The canals, like all monumental projects, were built at tremendous human cost. Constructing them required unprecedented amounts of labor, which was sometimes extremely difficult to find. Unlike infrastructure development in the southern states, which could be performed by slaves, the canals required the exploitation of free labor. In order to attract volunteers, the companies advertised widely, drastically exaggerating wage levels and overestimating labor requirements 'in an attempt to flood the labour market and drive down wages' (Way 55, 101-2). However, the available supply of labor was rarely sufficient. The Chesapeake and Ohio Canal's recruiters scoured England and Ireland while advertisements were published in Irish and Dutch newspapers (Way 94). To a large degree, the labor shortage was caused by the fact that canallers were often farm workers (including also a good many children) supplementing their income during the periods when their labor was not needed on the farm. This meant there was too little of it in spring, but often too much the rest of the year (Way 81-82). To compensate, some companies bought or hired slaves (126). One wonders, therefore, whether the experience of the canallers was at all reminiscent of slavery. Not all historians suggest that free labor did so well out of the canals.
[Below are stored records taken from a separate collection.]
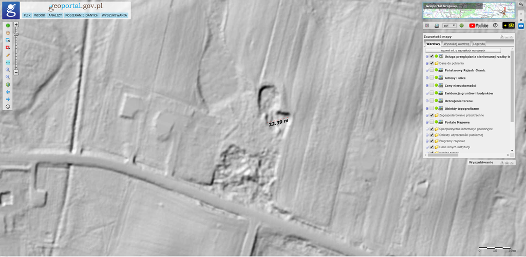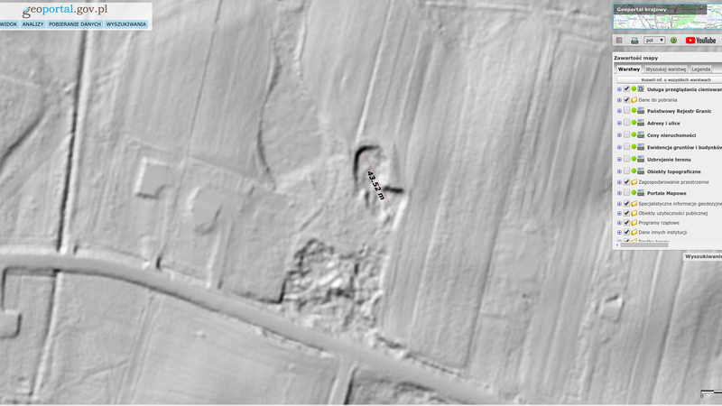 Nie prowadzono badań z użyciem georadaru, w związku z podmokłą glebą występującą w tym obszarze.
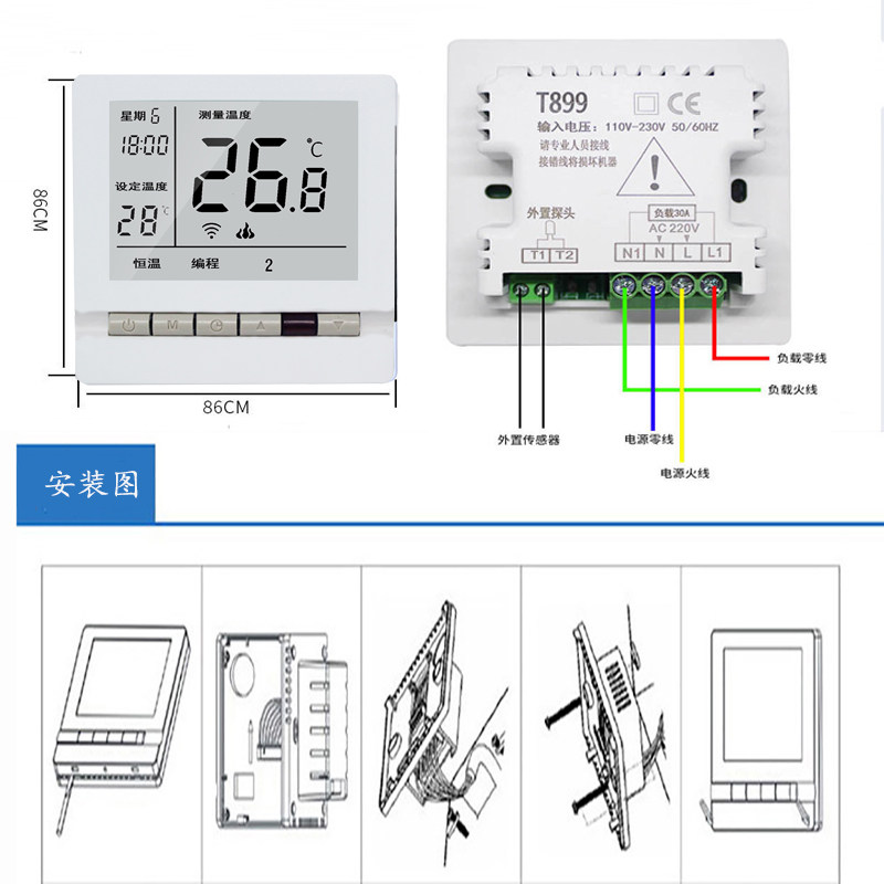 Electric floor heating temperature controller mobile phone WiFi remote smart switch heating thermostat liquid crystal panel programming-Taobao
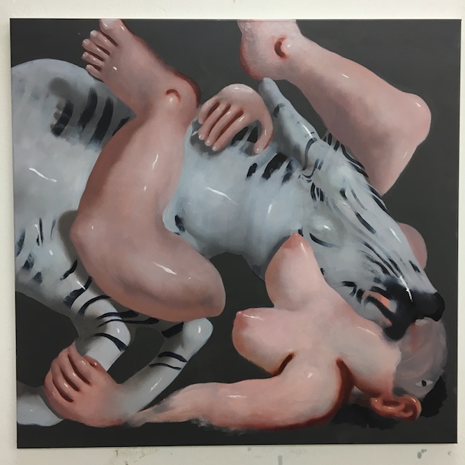 My work changed like crazy in the past year. And that was extremely liberating. Because I would toil over a painting for three months at a time, at Guelph, and there was no pleasure in that. It killed me. I love those paintings I made during the two years of my degree, but I started to feel like they became tighter and more controlled and suppressed. There’s a sense of repression in the porcelain works specifically. There would be a loose, wild moment at the end; a spontaneous decision that made all the suffering worthwhile. But spending 3-4 months on a painting is hell, it’s hell. I wanted to confront subject matter more directly, and tackle more explicit subject matter, rather than suppressing or containing it. So the work became more explicitly erotic.
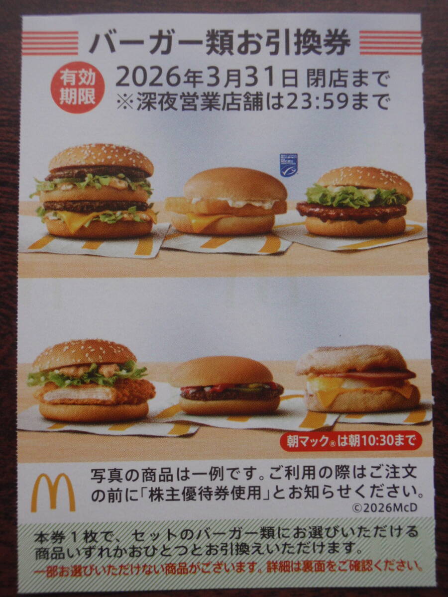 | 商品説明 | ●日本マクドナルドホールディングス(株)の株主ご優待バーガー類お引換券の10枚セットです。 ●本券1枚で、セットのバーガー類にお選びいただける商品いずれかおひとつとお引換えいただけます。(数量限定商品など、一部の商品ではご利用になれない場合があります。) ●有効期限は2026年3月31日までです。 ※デリバリーサービス、モバイルオーダー、セルフオーダーキオスクでは利用できません。 |
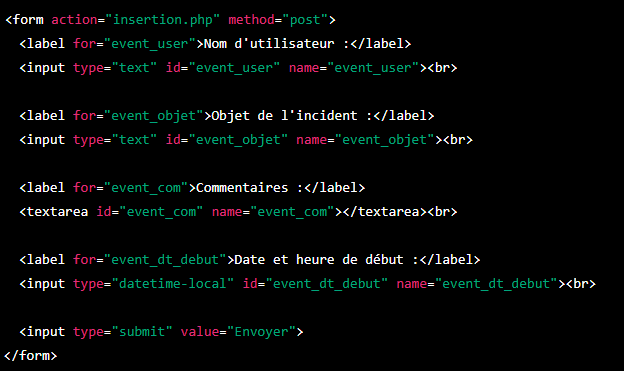 En résumé, ce code établit une connexion à une base de données MySQL, prépare une requête SQL pour insérer des données dans la table « incidents » et exécute la requête en utilisant les données saisies par l’utilisateur dans un formulaire HTML qui pourrai être le suivant :
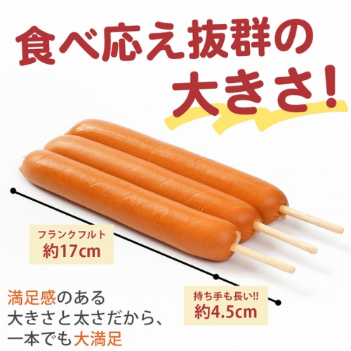 食べ応え抜群の大きさ! 約17cmのフランクフルトと手持ちが4.5cmなので持ちやすく食べやすい! 満足のある大きさと太さだから1本でも大満足
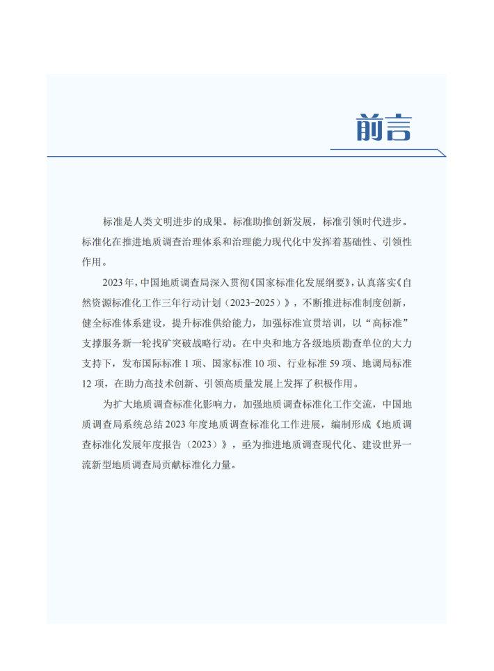标准是人类文明进步的成果。标准助推创新发展,标准引领时代进步。标准化在推进地质调查治理体系和治理能力现代化中发挥着基础性、引领性作用。

Although he admits that canallers received 'relatively high cash wages' (81), at least during the 'balmy' 1820s and 1830s (109), Peter Way argues that canalling brought about an unprecedented degradation of American labor. The workers 'laboured twelve to fifteen hours a day in all kinds of weather. They were exposed to man health-threatening illnesses... As well as work-related injuries.' Brutalized and stigmatized as social pariahs, they constituted 'the first truly lumpen proletariat professions in North America' (10). However, from the depression of the late 1830s onwards, as wages fell (106), and a constant labor surplus came into existence (130), the debasing, irregular, badly-paid work of canalling was largely left to immigrants, above all the Irish (82).

The revolutionary impact

In this section, we address the kinds of changes which would justify the use of the term 'revolution' to describe the results of transportation infrastructure development in the United States between 1815 and 1830. Although the period between 1780 and 1860 saw 'the rise of the industrial-capitalist order and the modern class system in North America'

Way 3), there are good reasons to believe that it was largely on account of the transportation revolution of 1815-30 that the United States acquired its capitalist character. Before 1815, the bulk of the settled part of the north American continent had been devoted to subsistence farming. Yet by 1830, there were many regions in which subsistence farming was becoming a thing of the past, agriculture was increasingly oriented toward the market, and small-scale manufacturing was fairly well-developed. In the Upper Susquehanna Valley, for example, large amounts of profit were increasingly being turned back into the farms (Ford 69). According to Peter Way, 'canal construction played a significant role' in the transformation to capitalism.' It opened up new markets, mobilized an army of workers, created new consumers, developed business strategies, and initiated state-capital ties that would be so important in subsequent years (4). The coming of the railroads seems, therefore, merely to have exacerbated tendencies which were already extremely pronounced by the time the first railroad was laid in 1828. We should think of such tendencies as affecting regions, and affecting cities.